Sexual Medicine and Andrology Unit, Department of Experimental, Clinical and Biomedical Sciences, Center of Excellence DeNothe, University of Florence, Florence, Italy.
Andrology. 2014 May;2(3):394-401. doi: 10.1111/j.2047-2927.2014.00208.x. Epub 2014 Apr 3.

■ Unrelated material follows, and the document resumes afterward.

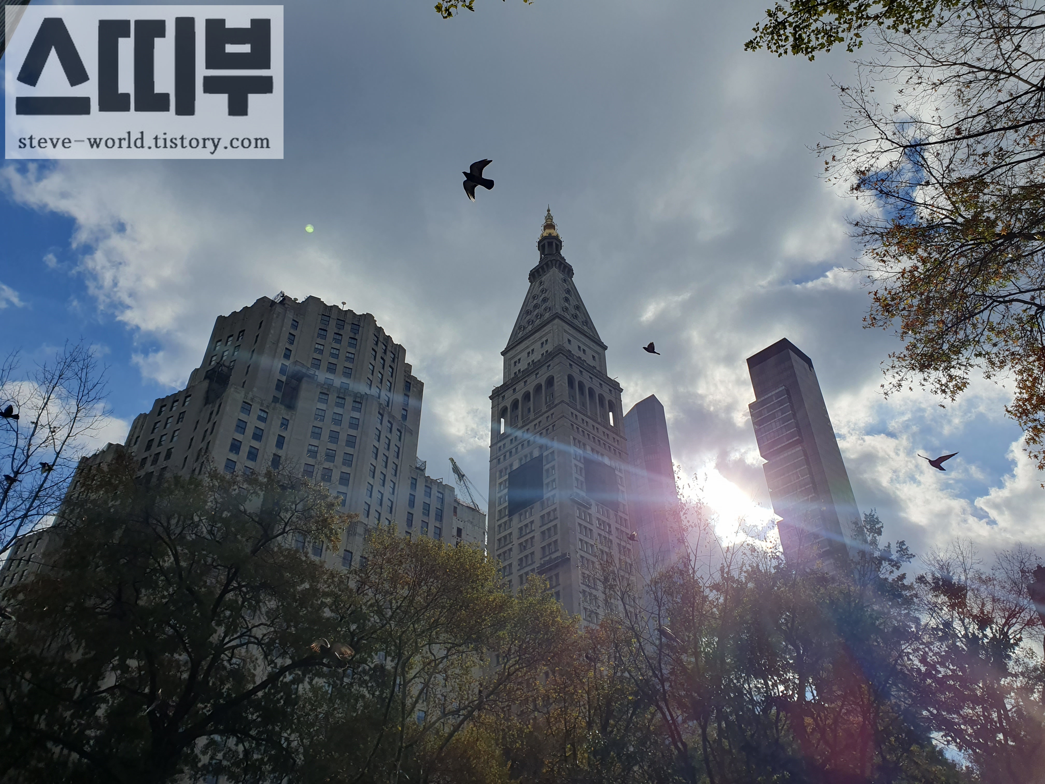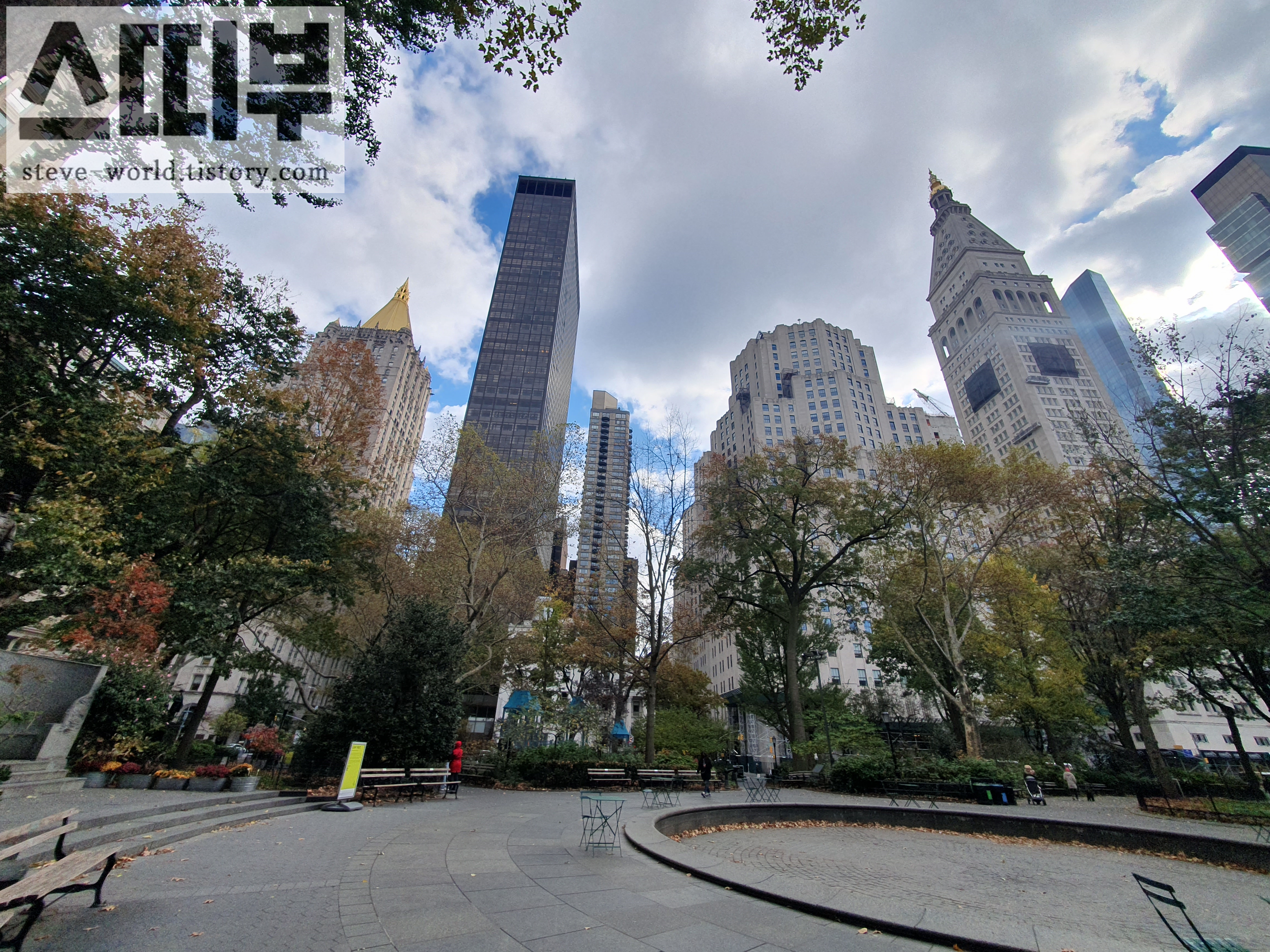 메디슨 스퀘어 파크에 들어섰습니다. 11월 늦가을인데도 잎이 많은 나무들 덕에 공원이 더욱 분위기 있어 보입니다.

Human semen is a complex biological matrix. It contains mature spermatozoa, immature germ cells, residual apoptotic bodies and, in some cases, epithelial cells and leucocytes. Hence, one of the challenges in applying flow cytometry in spermatology is the correct recognition of spermatozoa and their separation from signals of other semen cells/elements. In this study, we show that semen spermatozoa are included in a well-defined, flame-shaped FSC/SSC region (FR), by demonstrating that the count of the spermatozoa contained in such region overlaps that obtained by microscopy in the same samples. In FR, nuclear staining of semen samples reveals three different populations: unstained, brighter and dimmer. Unstained elements were previously characterized as apoptotic bodies of testis origin and the brighter elements represent the majority of semen spermatozoa, whereas the composition and the origin of the population with a lower nuclear staining is less clear, albeit we have previously shown that all the elements constituting it are positive for TUNEL. In this study, we sorted all the elements contained in FR region and demonstrated that the dimmer elements are spermatozoa. To further characterize dimmer spermatozoa, we evaluated apoptotic caspases and chromatin immaturity, the latter detected by aniline blue (AB) and chromomycin A (CMA3) staining. We found that caspases were much more expressed in the dimmer spermatozoa (71.4 ± 18.8%) than in the brighter (46.7 ± 15.1%), whereas similar amounts of spermatozoa with chromatin immaturity were found in both populations (brighter, AB: 48.2 ± 19.5%; CMA3: 48.5 ± 20.4% and dimmer, AB: 43.4 ± 19.8%; CMA3: 36.1 ± 18.0%). Hence, the role of apoptosis in generating dimmer spermatozoa and their DNA fragmentation appears clear, whereas the involvement of defects during the chromatin packaging remains elusive.
人类精液是一种复杂的生物基质。它包含成熟的精子、未成熟的生殖细胞、残留的凋亡小体,在某些情况下,还包含上皮细胞和白细胞。因此,在应用流式细胞术于精子研究中面临的挑战之一,是正确识别精子并将其与其他精液细胞/成分的信号区分开来。在本研究中,我们通过证明包含在该区域中的精子计数与在相同样本中通过显微镜获得的计数重叠,表明精液精子包含在一个定义明确的火焰状 FSC/SSC 区域(FR)中。在 FR 中,对精液样本进行核染色显示出三个不同的群体:未染色、更亮和更暗。未染色的元素先前被表征为睾丸来源的凋亡小体,而更亮的元素代表了大多数精液精子,而核染色较低的群体的组成和来源则不太清楚,尽管我们之前已经表明,构成该群体的所有元素均对 TUNEL 呈阳性。在本研究中,我们对 FR 区域中包含的所有元素进行了分选,并证明更暗的元素是精子。为了进一步表征更暗的精子,我们评估了凋亡半胱天冬酶和染色质不成熟,后者通过吖啶蓝(AB)和色霉素 A3(CMA3)染色检测。我们发现,更暗的精子中半胱天冬酶的表达要高得多(71.4 ± 18.8%),而在更亮的精子中(46.7 ± 15.1%)则要低得多,而在两个群体中都发现了具有染色质不成熟的相似数量的精子(更亮的,AB:48.2 ± 19.5%;CMA3:48.5 ± 20.4%和更暗的,AB:43.4 ± 19.8%;CMA3:36.1 ± 18.0%)。因此,凋亡在产生更暗的精子及其 DNA 碎片化中的作用是明确的,而在染色质包装过程中出现缺陷的参与仍然难以捉摸。